In case it's not clear, this has an impact on the ability to build lsst_apps because the mariadbclient eups package will need to be updated and that is used by daf_persistence.

We are already installing openssl 1.0.x as a conda package. I've searched through the mariadb docs and don't see any mention of gnutls being preferred over openssl. What are the specific reasons for not wanting to use openssl?

Historically we've had real problems building cmake packages against conda libraries, partly because our build system doesn't know about the conda library location at runtime (so the linker gets confused).

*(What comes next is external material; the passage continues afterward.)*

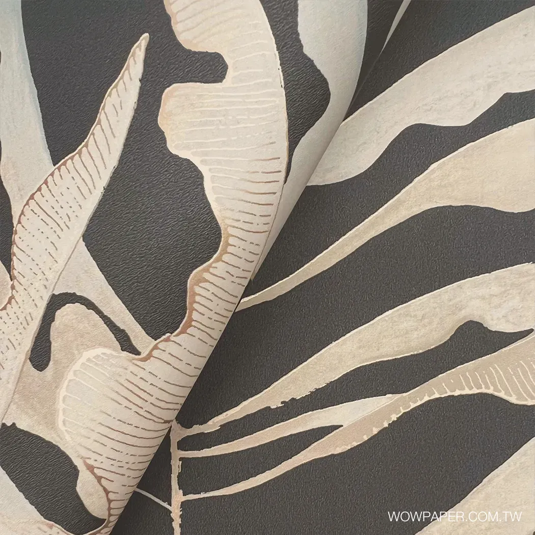 以有機的構圖原素詮釋條紋款式,細長捲曲的葉子沿著中央連接莖以輕柔的水彩色繪製,局部線條加有金色珠光點綴;面料使用無紡工法製造,透過質地較透氣以及纖維遇水不變形的特性來達到較防潮的機能性。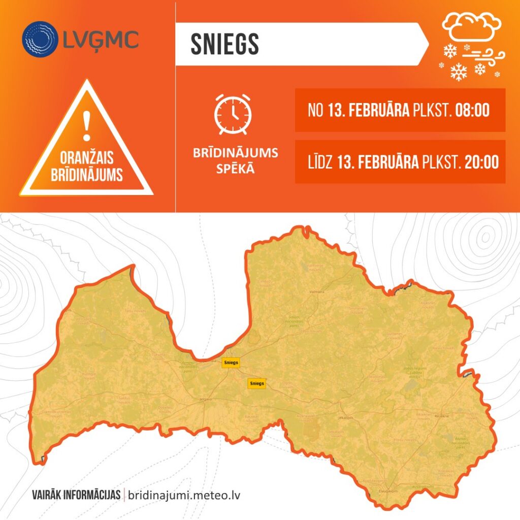 LVĢMC informē, ka piektdien, sākot ar rītu, visā valstī ilgstoši un stipri snigs, sniega sega daudzviet palielināsies par 10-12 cm, tādēļ visā valstī spēkā oranžās pakāpes brīdinājums. Valsts dienvidaustrumos pastāv arī atkalas risks. Ziemeļaustrumu, austrumu vējš turpinās pieņemties spēkā un brāzmās sasniegs 15-18 m/s, Kurzemē līča piekrastē vējš būs vēl mazliet spēcīgāks – līdz 20 m/s. Temperatūra gaidāma -5…-10° robežās, vienīgi Latgalē būs mazliet siltāks, tur -2…-5°.

Joshua Hoblitt you are a better man than I if you can derive a patch which convinces MariaDB's cmake to succeed with the openssl conda package instead of failing on lack of GnuTLS

(Though seriously, if you can derive such a patch, I can unblock my group today instead of waiting on this RFC, so I would be quite happy! Branches tickets/DM-12397 of mariadb and mariadbclient, with upgraded upstream tarballs and patches, are at your disposal if you wish to try!)

I think the problem is that EUPS can't know it needs to add the miniconda lib directory from conda to the DYLD_LIBRARY_PATH (and LSST_LIBRARY_PATH) because table files rely on environment variables and now that miniconda is not an EUPS package you don't have one to use.

Kian-Tat Lim can you comment on this before we adopt it?

Aside from the difficulties with eups and cmake, I'd rather not have any C++ code depend on conda-installed packages, as the stack and other products are intended to be usable with non-conda Python installations.

Accordingly, the options appear to be making SSL/TLS a system dependency as requested here and making it an eups package.

Since this is only for macOS, the eups package route looks less desirable.

We currently have only one system dependency for macOS: cmake itself. But having one means that having two is not as difficult.

(In the longer term, it may be possible to remove the need for mariadbclient by increasing usage of SQLAlchemy; the Consolidated Database is unlikely to be MySQL or MariaDB in any case.)

In the end, it seems like the proposal is the best available alternative in the short term.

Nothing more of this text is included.